Essa foi a segunda decisão da Justiça, em menos de um mês, que determinou a abertura de ação penal contra agentes do Estado durante a ditadura militar. Há 15 dias, a juíza federal Ana Paula Vieira de Carvalho recebeu denúncia contra cinco oficiais e um civil acusados pelo atentado à bomba no Riocentro, em 1981, articulado por setores da linha dura inconformados com a abertura política. Foram indiciados os generais reformados Newton Cruz, então chefe do Serviço Nacional de Informações (SNI); Nilton Cerqueira e Edson Sá Rocha; o coronel reformado Wilson Machado, o major Divany Carvalho e o ex-delegado Claudio Guerra.
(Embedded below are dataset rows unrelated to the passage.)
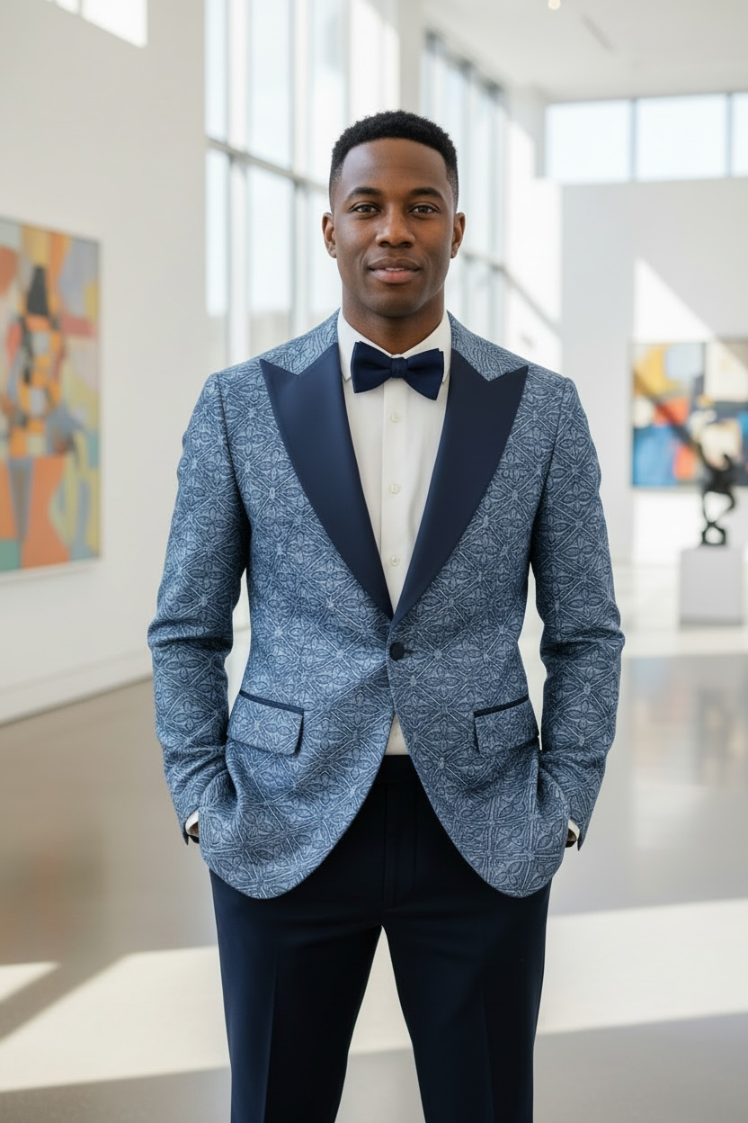 Biarelli Peak Lapel Jacquard Medallion Tuxedo
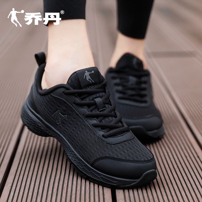 女鞋 子黑色女士跑步鞋 网面透气秋季 官方轻便休闲鞋 新款 乔丹运动鞋
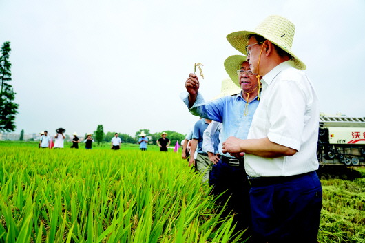 7月19日,专家们在查看“中科发早粳1号”的稻穗。 当日,一种早粳稻新品种在江西省上高县通过测产验收。这意味着我国双季早粳稻实现了突破,南方地区可以在7月下旬收割粳稻,人们今后有望提前一个季度吃上新粳米。 此前,我国双季早稻品种均为籼稻。早籼稻一般在3月中下旬播种,7月中下旬收割。早籼稻品种尤其是长江中下游的品种,大部分用作储备粮或工业用粮。 同早籼稻相比,生长在高纬度地区的粳稻品种具有抗逆性强、株型优、米质优、食味佳等优点,但一般要到10月才能收割。此次通过测产验收的早粳稻新品种,填补了这一空白。 新华社记者 周密 摄
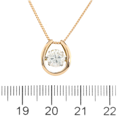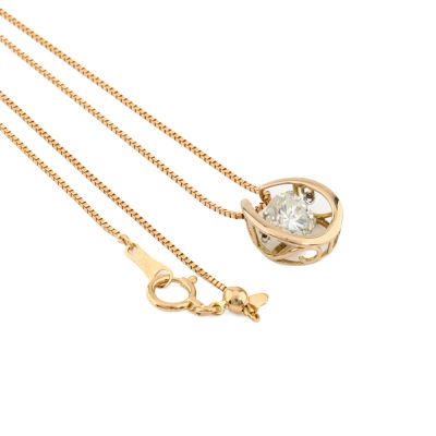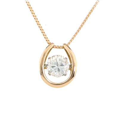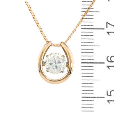 Diamond solitaire pendant with a dancing round brilliant cut Natural Diamond of 1.10ct (Estimated grading: I P1). Platinum - 900 & 18ct rose gold with 45.5cm 18ct rose gold adjustable chain. Weight: 3.1g. (Pre-owned)
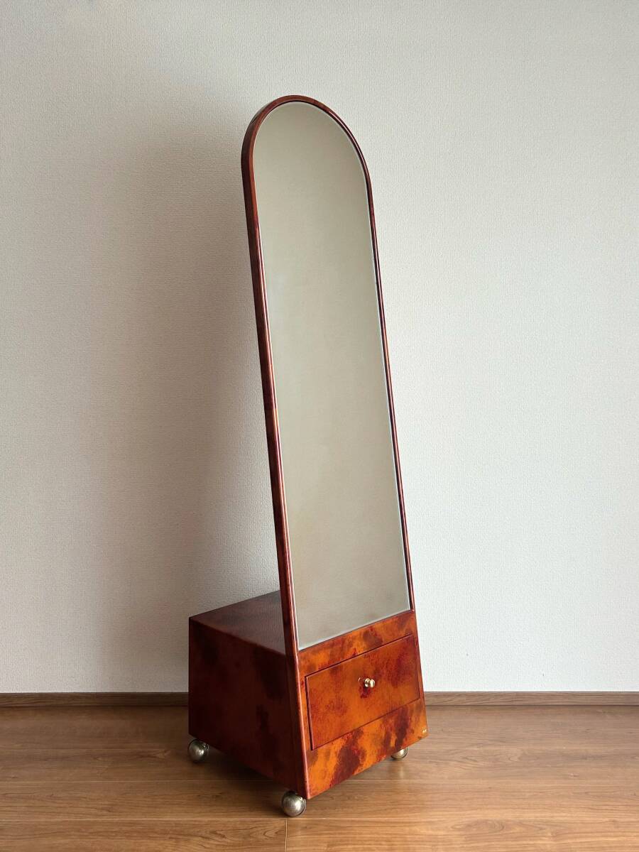 - Kit Furniture 北谷家具 皇室御用達 キットファニチャー 仔山羊革張り キャスター付き スタンドミラー|姿見 全身鏡 イタリア 店舗什器
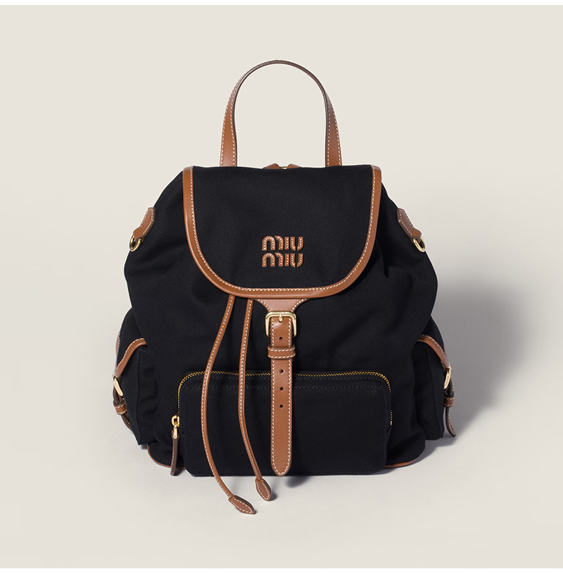 [스페셜오더]MIUMIU-5BZ042 미우미우 캔버스 및 가죽 백팩 블랙
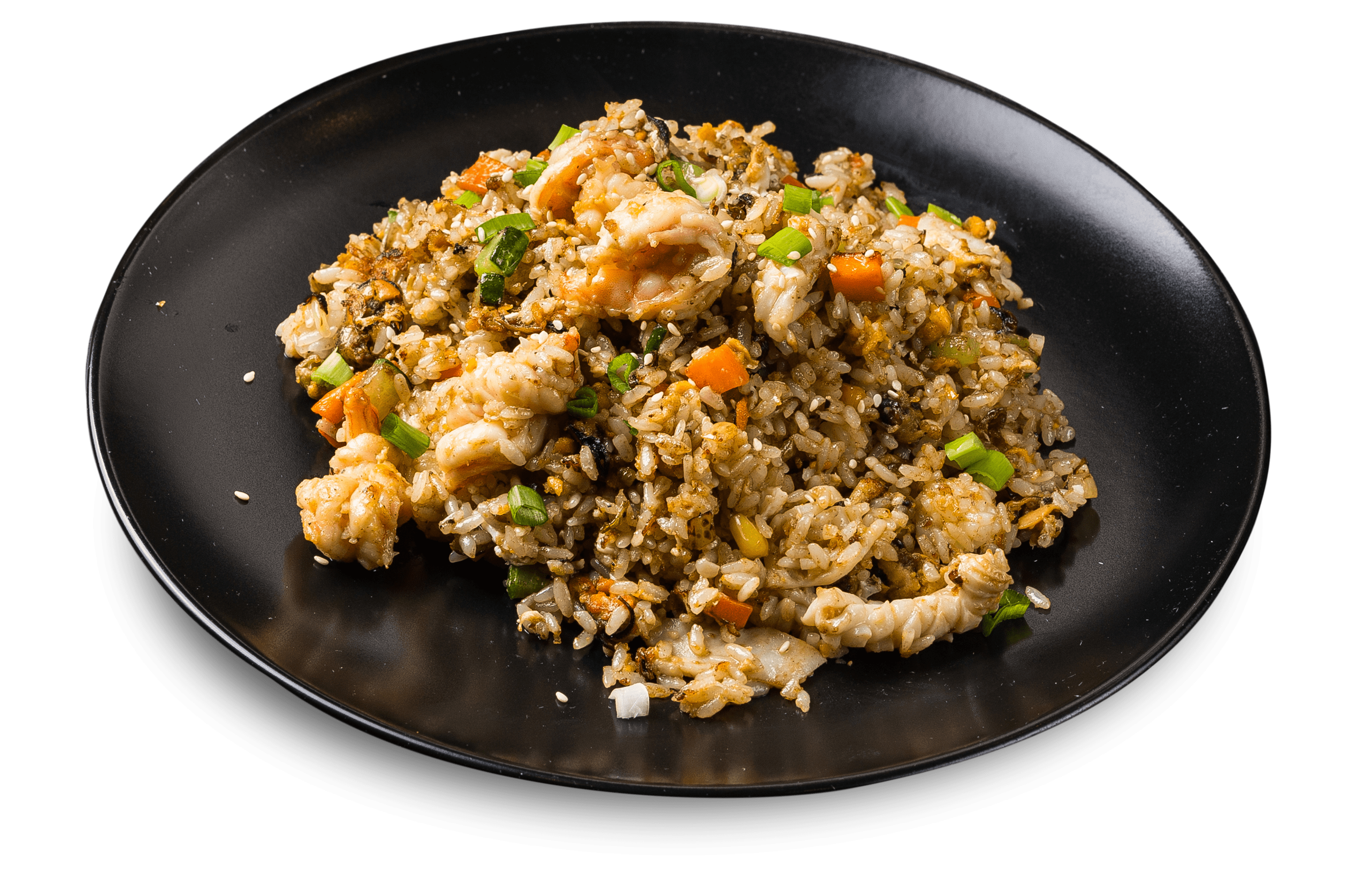Тайский рис, креветки, кальмар, осьминог, мидии, перец болгарский, морковь, зеленый лук, зелень, кукуруза, горошек, огурцы, фирменный соус
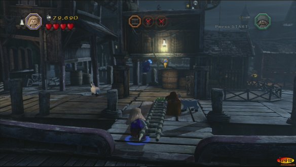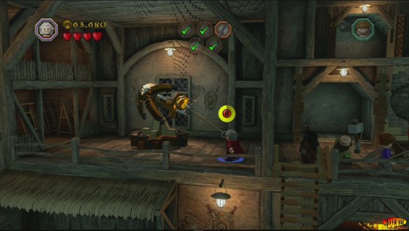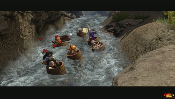 然后他们就全数被抓,而奥克斯也潜入了这个城镇。矮人们受到了优待,获准通过这里前往孤山。而另一边一个矮人中毒必须及时抢救,但是草药却被一只猪抢走了。好吧!有三个栅栏,必须全部打开,第一个栅栏,道具在船上,砸完后拼搭一把梯子。可以在二层推动开关过去。
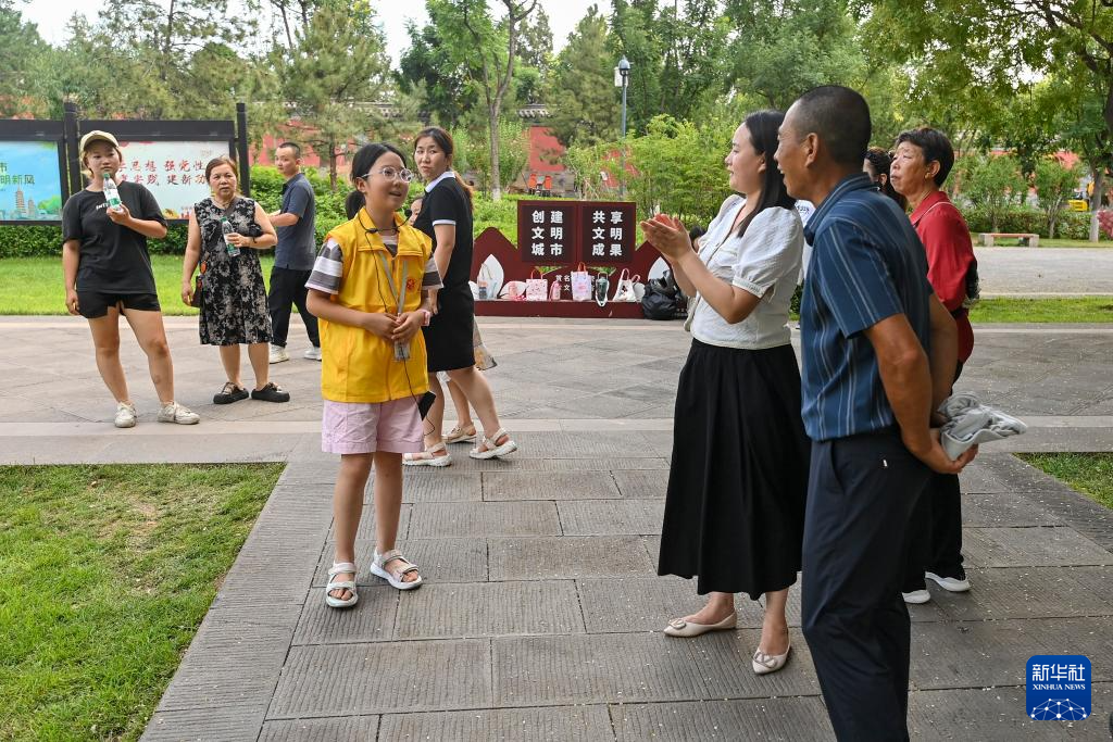 太原市双塔博物馆小讲解员薛梓瑜(前左)为游客讲解(7月25日摄)。
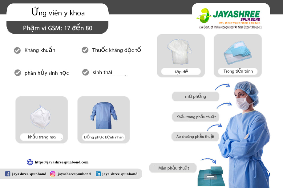 Jayashree spun bond đóng một vai trò quan trọng trong lĩnh vực ứng dụng y tế bằng cách cung cấp các sản phẩm vải không dệt được sử dụng rộng rãi và đảm bảo bảo vệ và ngăn ngừa nhiễm trùng và bệnh tật.
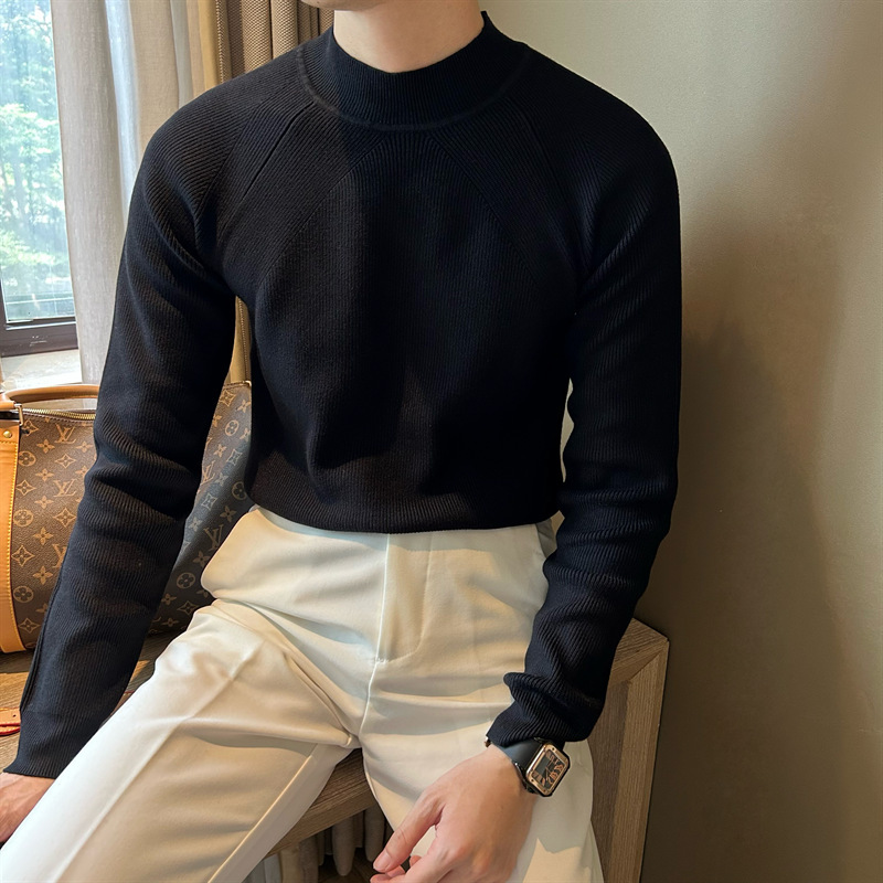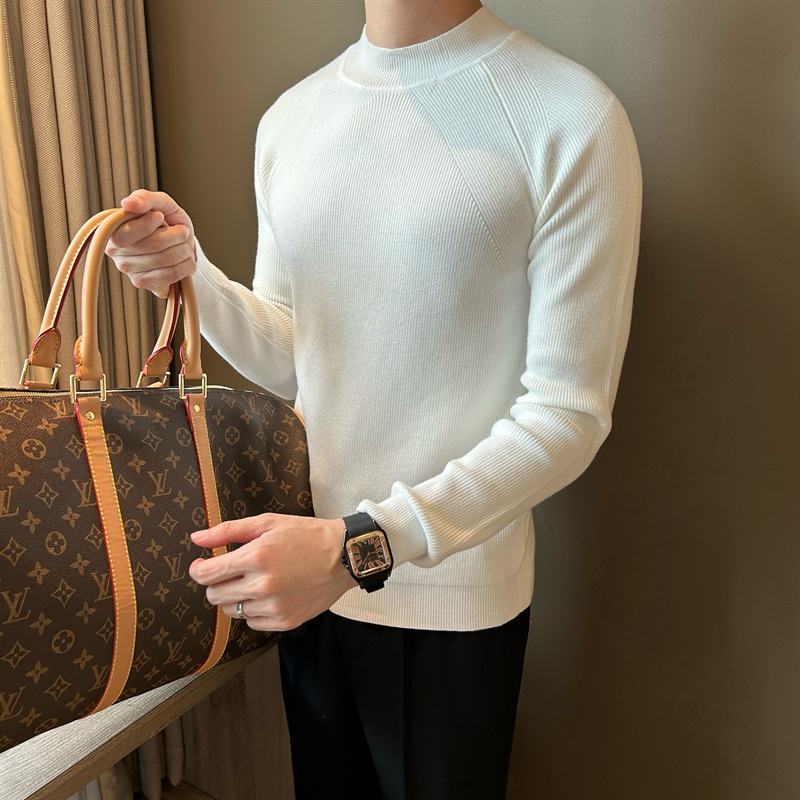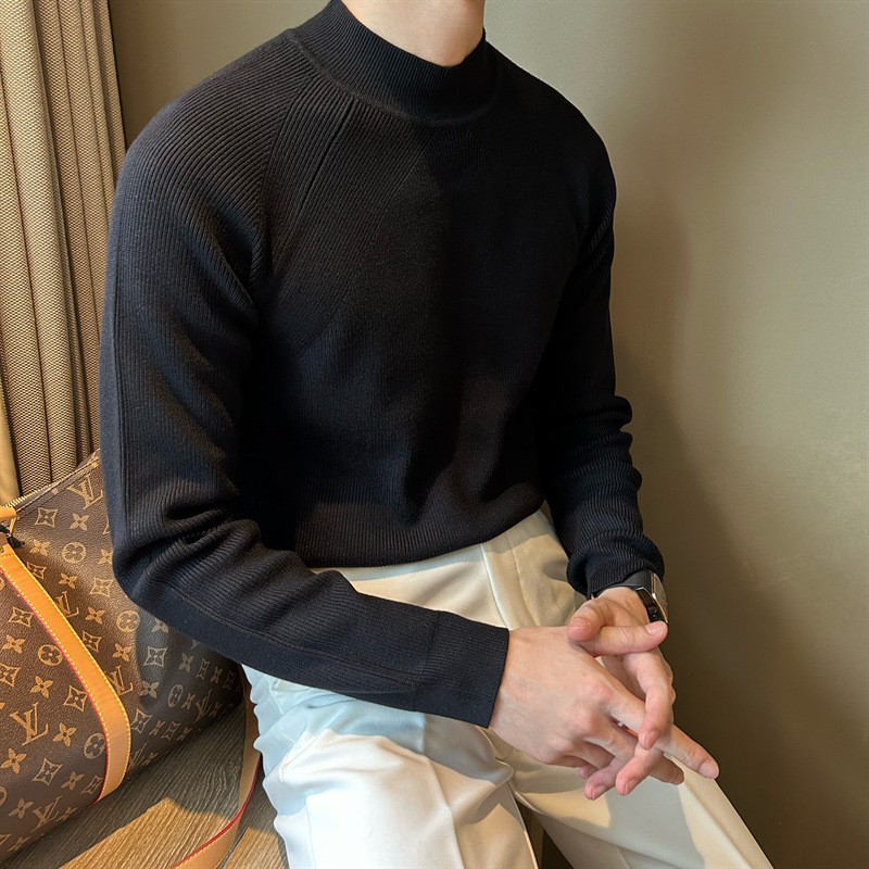 하프 터틀넥 스웨터 남성용 베이스 레이어 가을, 겨울 2024 새로운 따뜻한 니트 스웨터 트렌디 슬림핏 다용도스토어 가기

Assistimos, nos últimos anos, a uma enxurrada de denúncias e depoimentos de militares e civis envolvidos na repressão política da ditadura. Entre elas, é de se destacar as revelações do ex-delegado Claudio Guerra, que na condição de agente do DOPS incinerou corpos de presos políticos em uma usina de cana em Campos dos Goytacazes; e as do tenente-coronel Paulo Malhães, misteriosamente assassinado em abril depois de ter revelado os métodos bárbaros de sumir com os corpos. Na semana passada, a essas denúncias se somaram as do coronel PM Riscala Corbaje, que confessou ter torturado mais de 500 pessoas no DOI-Codi do Rio entre 1970 e 1972. Essas revelações e a reviravolta nas decisões da Justiça foram possíveis graças à dinâmica criada pela instalação da Comissão Nacional da Verdade, em 2012, pela presidente Dilma.
Por isso é importante discutirmos a revisão da Lei da Anistia. Não por revanchismo, como classificam saudosistas da ditadura, mas para acabar com a impunidade e criar um marco civilizatório, consolidando assim a defesa dos direitos humanos e o regime democrático no país. Pois se hoje dissidentes políticos como Rubens Paiva não correm mais risco, excluídos como o pedreiro Amarildo continuam sendo torturados e desaparecidos.
Claudio Puty é deputado federal (PT-PA), vice-líder do governo no Congresso Nacional.